Getting remote access to your home server doesn’t have to be a pain. Usually, you just pay your internet company for a static IP address and that’s that. Often, it works. You pay a bit each month, your router gets an address that works, and you can forward ports again. Problem solved!
But hold on, there’s another way!
If you’ve already got a VPS with a public IP (maybe for a website, VPN, or something else), you can use it to reach your home server. Think of it as a go-between, a secret path from the internet to your server at home. That’s what I did! Instead of paying my internet company extra, I made a reverse SSH tunnel using my VPS. Now I have stable access to my home server, even though it’s hidden behind my internet provider’s NAT.

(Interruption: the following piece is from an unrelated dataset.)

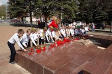 Воспитывать уважение к защитникам Отечества, памяти павших бойцов, ветеранам ВОВ; способствовать формированию чувства гордости за свой народ, его боевые заслуги; развивать духовно- нравственный и интеллектуальный потенциал художественно-эстетическими средствами, музыкальной культурой, - это те задачи, которые решались коллективом детского сада в рамках проведения тематической недели "Салют Победы!". Воспитанники старших, подготовительной и татарской групп возложили цветы у монумента памяти павшим во время ВОВ.

This isn’t just some idea, it’s a real setup that actually works.
Table of Contents
The Real Obstacle: Dynamic IPs and Provider-Level NAT
So, lots of home internet companies give out IP addresses that change now and then. It can be annoying since your IP can change when you restart your modem or when your IP \lease\ is up. It makes getting to your stuff from afar tricky because the address keeps moving.
But here’s something even more annoying: CG-NAT, which is short for carrier-grade NAT.

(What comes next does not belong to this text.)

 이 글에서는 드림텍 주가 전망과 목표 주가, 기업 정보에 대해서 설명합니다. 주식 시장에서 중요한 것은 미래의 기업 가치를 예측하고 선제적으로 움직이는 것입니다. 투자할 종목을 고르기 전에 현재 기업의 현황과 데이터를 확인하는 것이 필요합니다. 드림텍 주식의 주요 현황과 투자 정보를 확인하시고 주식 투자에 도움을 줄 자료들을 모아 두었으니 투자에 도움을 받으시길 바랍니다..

With CG-NAT, your router doesn’t get a real public IP anymore. Instead, it gets a private address that can’t be reached from the outside. The public IP is with your internet company and shared by lots of people. It’s like your home server is stuck behind two walls: one on your router and another at your internet company.
Why does this matter?
Before, NAT was only in your house. Your router had the public IP, so you could forward traffic through ordinary port forwarding. Now, the public IP is often with your internet company, serving a building, a block, or a whole area. Your router gets an address that isn’t reachable from the outside world. Traffic from the outside can’t reach you unless your provider lets it.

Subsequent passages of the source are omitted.